» **TASK REQUIREMENTS**
Return only the lines of the data below from the line with "Pentagramme rouge, inversé, texturé" up to and including the line with "Tipo: identifica el", exactly as written, with the pictures omitted.

» **RECORDS TO PROCESS**
= Beginning of Section =

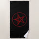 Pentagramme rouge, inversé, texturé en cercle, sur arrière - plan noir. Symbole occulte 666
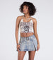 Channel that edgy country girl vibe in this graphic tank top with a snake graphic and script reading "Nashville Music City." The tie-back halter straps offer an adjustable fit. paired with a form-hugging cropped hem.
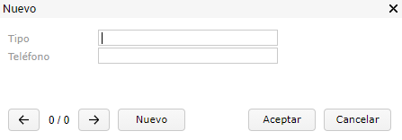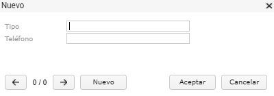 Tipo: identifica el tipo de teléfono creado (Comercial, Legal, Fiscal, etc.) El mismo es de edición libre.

= End of Section =
= Beginning of Section =

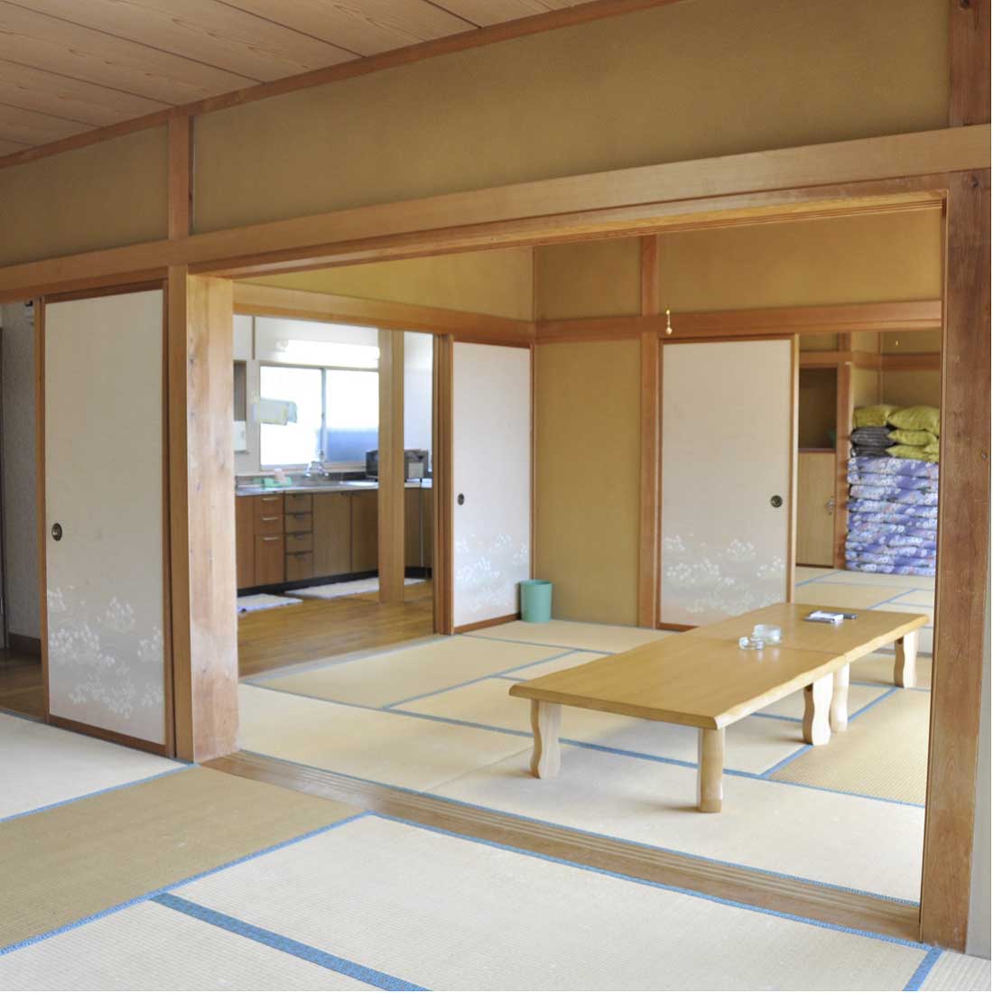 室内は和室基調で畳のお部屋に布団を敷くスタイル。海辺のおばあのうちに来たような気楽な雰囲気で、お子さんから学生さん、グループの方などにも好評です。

= End of Section =
= Beginning of Section =

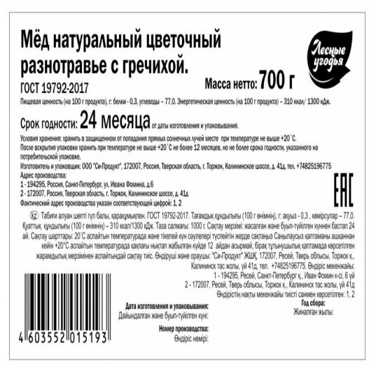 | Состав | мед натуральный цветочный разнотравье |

= End of Section =

» **SOLUTION FOR THIS PROBLEM**
 Pentagramme rouge, inversé, texturé en cercle, sur arrière - plan noir. Symbole occulte 666
 Channel that edgy country girl vibe in this graphic tank top with a snake graphic and script reading "Nashville Music City." The tie-back halter straps offer an adjustable fit. paired with a form-hugging cropped hem.
 Tipo: identifica el tipo de teléfono creado (Comercial, Legal, Fiscal, etc.) El mismo es de edición libre.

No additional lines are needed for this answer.